━━━━━ RECORDS PROVIDED ━━━━━

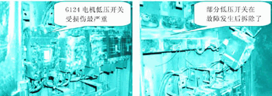 2006年8月24日,GF17辊道中的G124电动机开关跳电,现场人员至电缆沟开关箱送上G124开关,返回操作室后发现监控系统又报G124电动机开关跳电,当现场人员再次来到电缆沟时发现该开关已烧损,触头粘连,箱内临近的开关也有不同程度的烧损,G124电机电缆也烧坏,对G124电机进行检查时,发现该电机接线柱由于锈蚀与松动,导致三相短路。故障处理与恢复时间大约为8h。辊道开关箱损坏如图2所示。
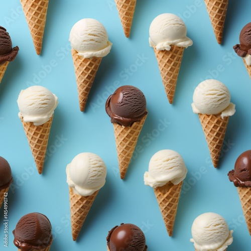 Chocolate and vanilla ice cream cones arranged in seamless pattern. Summer treat theme
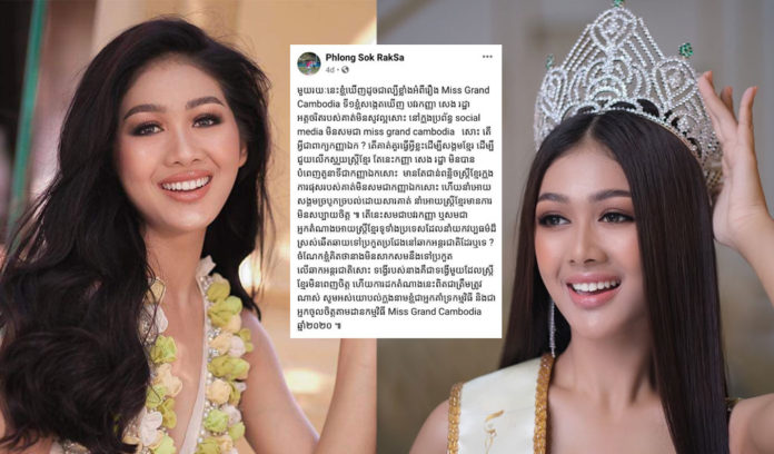 អ្នកលេងហ្វេសប៊ុកម្នាក់ ដែលមានឈ្មោះថា Phlong Sok Raksa បានចេញមករិះគន់ពីអត្តចរិតរបស់បវរកញ្ញាឯក “Miss Grand Cambodia” ក្រោយជ្រុះមកុដ ដែលមានទាំងសំណេរមួយយ៉ាងគួរឲ្យចាប់អារម្មណ៍ពីមហាជន។
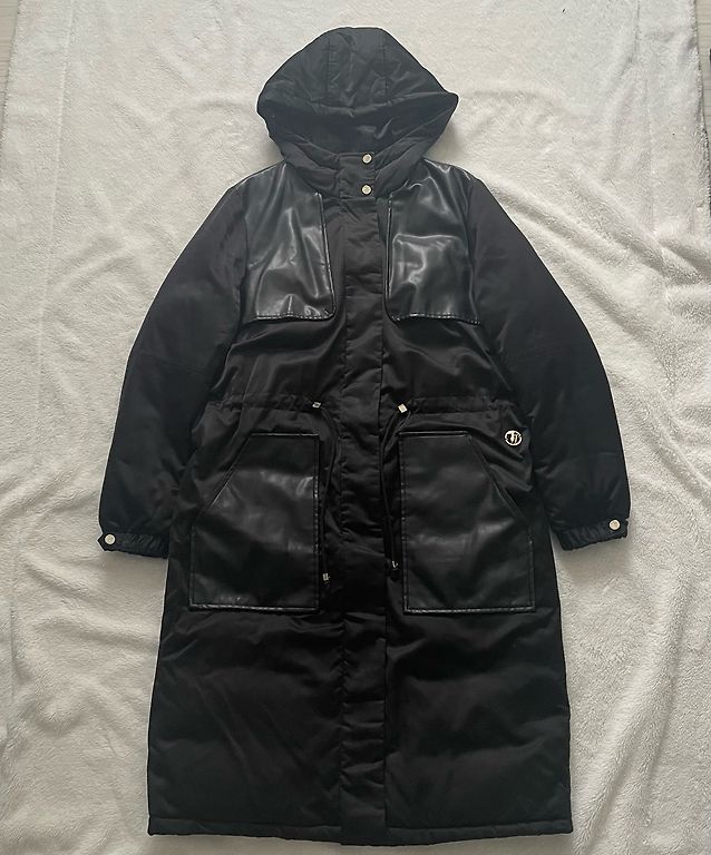 Must mantel suurte kapuutsiga.
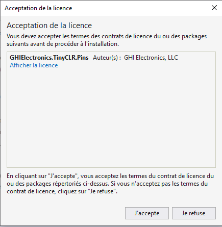 • Cliquer sur GHIElectronics.TinyCLR.Pins puis “Installer” pour placer les bibliothèques dans le projet.
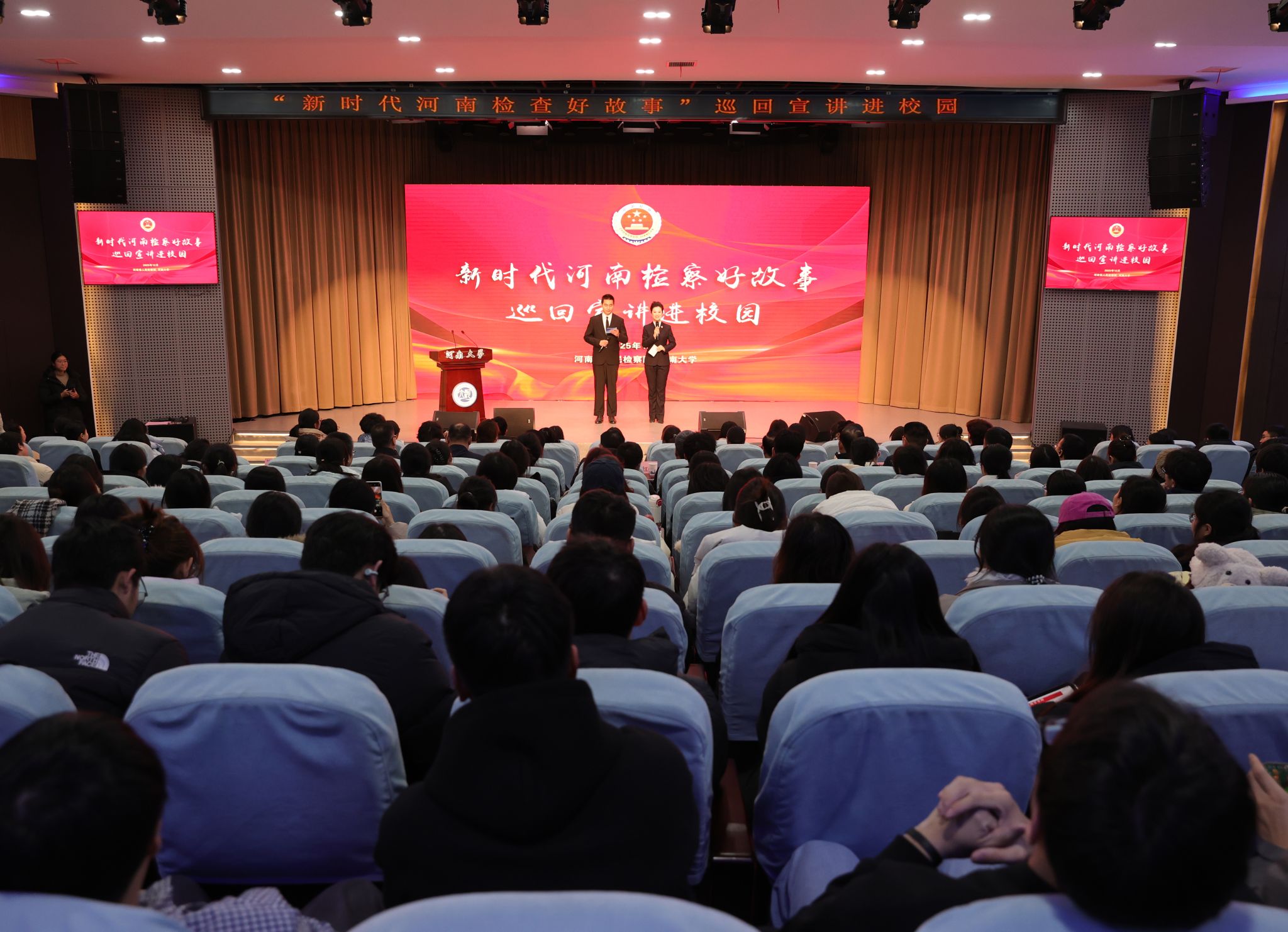 12月24日晚,“新时代河南检察好故事”巡回宣讲活动于河南大学我校明伦校区科技馆二楼报告厅举行。河南省人民检察院检委会专职委员李红伟,河南省人民检察院政治部宣传处处长刘立新,副处长李达、陈朝东,河南大学党委副书记李平,党委宣传部部长姬志闯出席活动,法学院班子成员及师生代表近300人共聚一堂,聆听法治前沿的动人篇章。

━━━━━

* PROBLEM DETAILS:
Print, without pictures, exactly the lines from the one containing "dans le projet." through the final line of the records above.

* REPLY TO THE EXERCISE:
 • Cliquer sur GHIElectronics.TinyCLR.Pins puis “Installer” pour placer les bibliothèques dans le projet.
 12月24日晚,“新时代河南检察好故事”巡回宣讲活动于河南大学我校明伦校区科技馆二楼报告厅举行。河南省人民检察院检委会专职委员李红伟,河南省人民检察院政治部宣传处处长刘立新,副处长李达、陈朝东,河南大学党委副书记李平,党委宣传部部长姬志闯出席活动,法学院班子成员及师生代表近300人共聚一堂,聆听法治前沿的动人篇章。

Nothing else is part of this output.